Sue Carol Isaacson

Women's Federation President, 2003-2005

Women's Campaign Chair, 2001-2002

1. How did you get involved with Federation CJA, and why?

It is so long ago now that it seems I have always been involved with Federation CJA. Someone one must have canvasses me, but I have no memory of whom or when it might have been. I can only assume that, at some point, I must have asked to be a canvasser myself. Over the years, I became more involved in originations that supported Israel and it was a natural progression to the position of Chair.

You see, my parents raised us to be involved members of society; they taught us that to make a better world we needed to help each other. Attending a Jewish school helped me learn about my Jewish heritage and the importance of tzedekah.

2. My fondest memory to date

Hearing Russian Jewish refugees newly arrived in Israel, signing Roginkes mit Mandlen, a Jewish lullaby. Although, under Soviet rule, they had not been brought up in the Jewish tradition, these teachers had retained memories from their earliest days of their mothers singing them this lullaby. To hear them singing this song in Israel was very moving.
That is the power of caring one for the other. That is the power of tikun olam and tzedakah, and of having a Jewish soul. That is what having a Jewish education means for the future of our children and for our Jewish Nation.

3. A particular moment that impacted me profoundly

The events of September 11, 2001 had the most profound impact on me, as a mother with children, as a Jew, as a human being, but also in my role as the Chair of the Women’s Philanthropy Campaign.
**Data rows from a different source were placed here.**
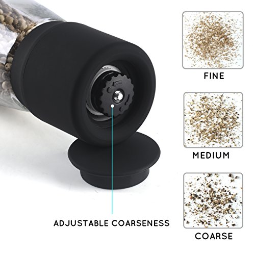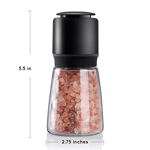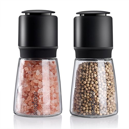 Salt and Pepper Grinder Set, Adjustable Coarseness Clear Glass Body Salt Mills Salt and Pepper Shakers by Seatore
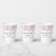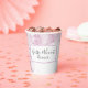 Personnalisez ces jolis Coupes en papier Mariage couleur Aquarelle rose pâle pour votre réception de mariage d'été décontractée mais classe ou fête de jardin de douche nuptiale. Ces gobelets jetables informels mais élégants présentent une photo florale peinte en aquarelle numériquement pétales de fleurs d'hortensia rose clair avec un arrière - plan blanc.
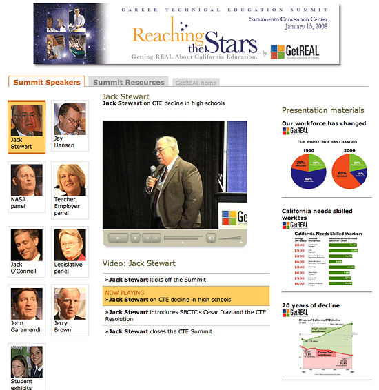The GetREAL coalition – a Caifornia group that works to increase career technical education in public schools – uses this website to showcase video of speakers at their event.
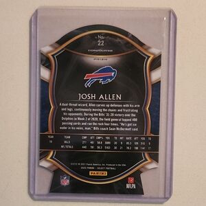 Josh Allen football card with vibrant design. Features blue and gold accents.
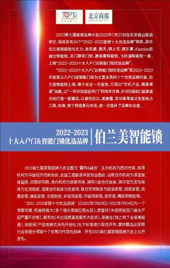 第T208版:2022-2023十大入户门&智能门锁优选品牌:伯兰美智能锁 上一版3  4下一版
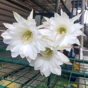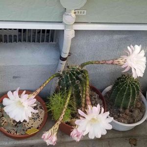 夜中なかなか咲かず、今朝3個咲いてました~☺️いい香りがしていますよ~🌸

We had scheduled the Lion of Judah event for the evening of September 12th. We were so shocked and saddened; we did not what to do. Should we hold the event anyway? Would it be inappropriate or disrespectful to get together and talk about money at a time like this? In the end, we decided that it was important for us to gather as a community in this very difficult time and we proceeded with the event as planned. The tone was very subdued, as you can imagine, and we were not sure if anyone would attend, but, as I stood up to give my speech before a packed room, I saw the faces of my friends, my colleagues, and my city. We were together as a community, to draw strength from each other and to be as one.

4. What advice would you give young women following in your philanthropic footsteps?

I would tell them not to look at what they do in a microcosm. They need to see what is happening in the world around them and understand the impact events can have on them as Jews, on Israel, and how it will affect their children and the future.

Being involved in community creates wonderful friends for life. It sets and example for others and allows people to come together with hope and good will.

5. What is my legacy?

Women as a force; I believe strongly, and I believe evidence supports me, that women are the future of Jewish philanthropy. There are more women in the corporate world, more women are inheriting estates as they live longer than men, and I tried to stress this in the CJA’s fundraising efforts. With women becoming power houses and being able to allocate funds this should be a priority issue for Women’s Philanthropy. I believed this during my tenure as Chair and I believe it now.